Babylon Berlin: A Translator’s Tale

Back in autumn 2007, NBG saw great potential in a new crime series by German author Volker Kutscher. ‘Villains galore!’, our reviewer exclaimed. Little did we know that exactly ten years later the series would find its way onto television screens across the world. Niall Sellar, who is translating the books for Sandstone Press, tells NBG his Babylon Berlin tale.

My official involvement with the Gereon Rath series began three years ago, on a Friday after second period. At the time I was teaching Modern Foreign Languages in a Stanmore comprehensive and had just failed to inspire a group of Year 9 French students. Perhaps seeking some sort of consolation, I checked my personal email account. Nothing. The weekend looked bare. Then, finger poised over the mouse, I clicked on junk. I still don’t know why – usually I never bother.

In among the usual assortment of offers and requests, one email stood out. It was from Robert Davidson of Sandstone Press, asking whether I would be interested in translating a German detective novel called Der Nasse Fisch (‘The Wet Fish’). He had my details from New Books in German.

Amazing.

But perhaps even more amazing, I had read the book, having received it as a thirtieth birthday present from my head of department the previous year. I replied in the fifteen minutes between second and third period, and that’s how it all began.

Since then there have been a number of highlights: sitting on a panel at the Goethe-Institut in London to launch Babylon Berlin; listening in Edinburgh (my hometown) as an extract from my translation was read out; and, most bizarrely, learning that Nicola Sturgeon, Scotland’s First Minister, was a fan of the series.
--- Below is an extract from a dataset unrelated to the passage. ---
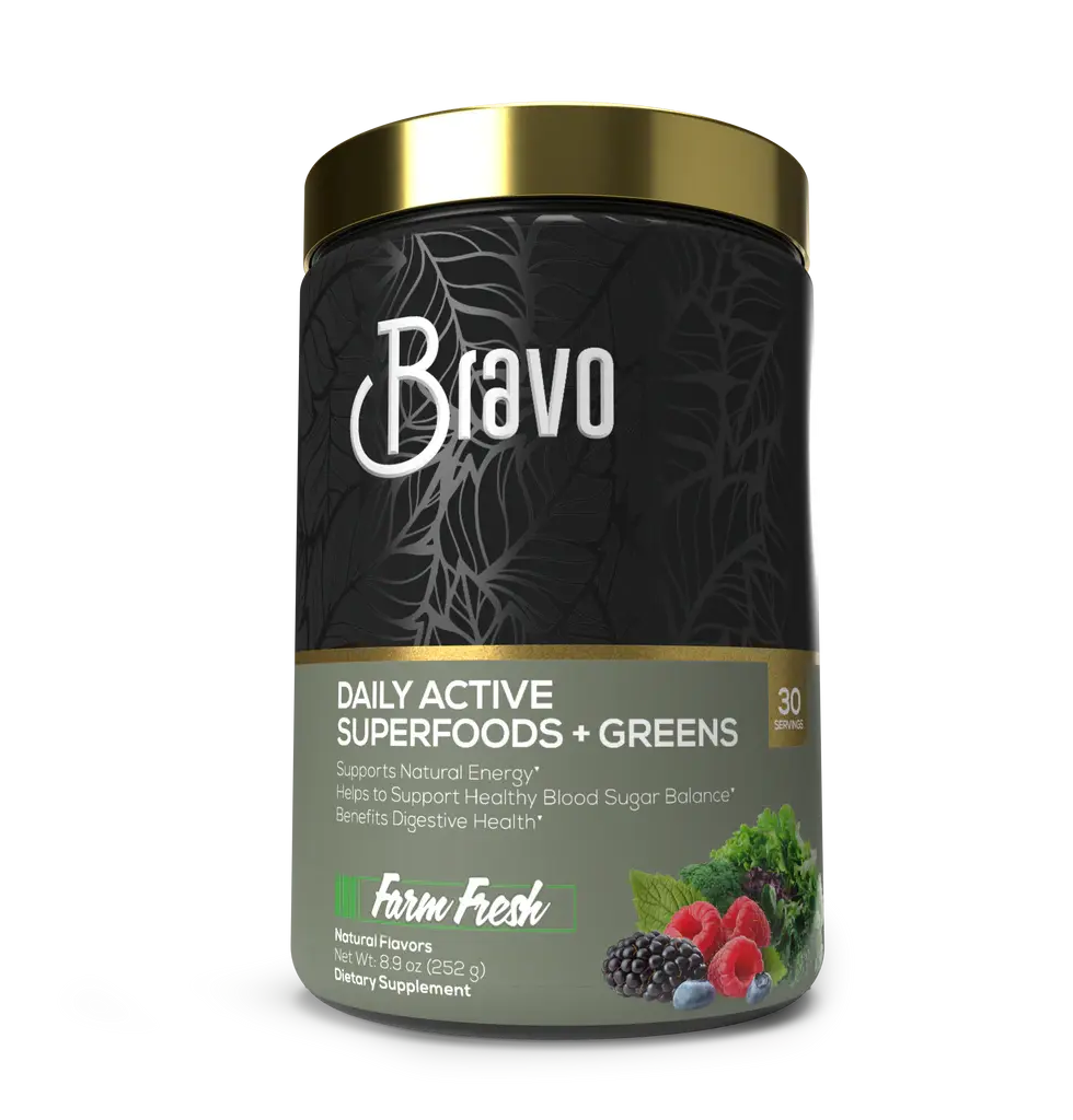 Elevate your wellness routine with Bravo Health Daily Active Superfoods + Greens! Packed with nutrient-dense superfoods, powerful greens, and essential nutrients, this all-in-one formula supports smooth, sustained energy, healthy blood sugar levels, and glowing hair and skin. Designed to nourish your gut and fuel your active lifestyle, it’s the ultimate daily boost for feeling vibrant and balanced. Take the step toward a healthier, happier you with Bravo Health!

Of these, there is no doubt that the last two were precipitated by the television series, which aired in November of last year. It is now Sky’s most-viewed foreign-language series ever; yet, crime aficionado that I am, I have found it almost impossible to sit down and watch it.

I’m not sure why this is, but perhaps it has to do with ceding ownership, of letting go. Working away in a West Norwood box room, there was a time when I felt as if the books (or at least their English versions) were mine. Now, of course, that’s changed, and rightly so: a series like this should belong to as many people as possible.

When I first heard who was involved in the production, I had an inkling it would be good, and, indeed, from the first moment – a flashback sequence that calls to mind Tom Tykwer’s breakout ‘90s film Lola Rennt – I am gripped. That first sequence is also indicative of some of the differences between the series and the books. Structurally, it would take an audacious writer to begin a novel with an extended flashback sequence. More than that, however, the onscreen Gereon immediately seems more vulnerable than he does in the books, and his counterpart Charly – or Lotte as she is on the screen – occupies a different social class. In the books she is a stenographer and aspiring lawyer whereas in the adaptation she is a prostitute living in much tougher conditions.

Does this matter? I’m not sure it does. It all looks so slick and I feel, immediately, as though I have been transported to the final years of the Weimar era. One of the functions of the novels is to examine how the Hitler years came about, through the eyes of a politically indifferent, morally compromised hero: a trick that can only work if the reader feels involved enough to forget what history has in store. It is in the attention to period detail that the series remains truest to the books; its recreation of a doomed era seduces the viewer into oblivion. We know that when we come to our senses, it will already be too late.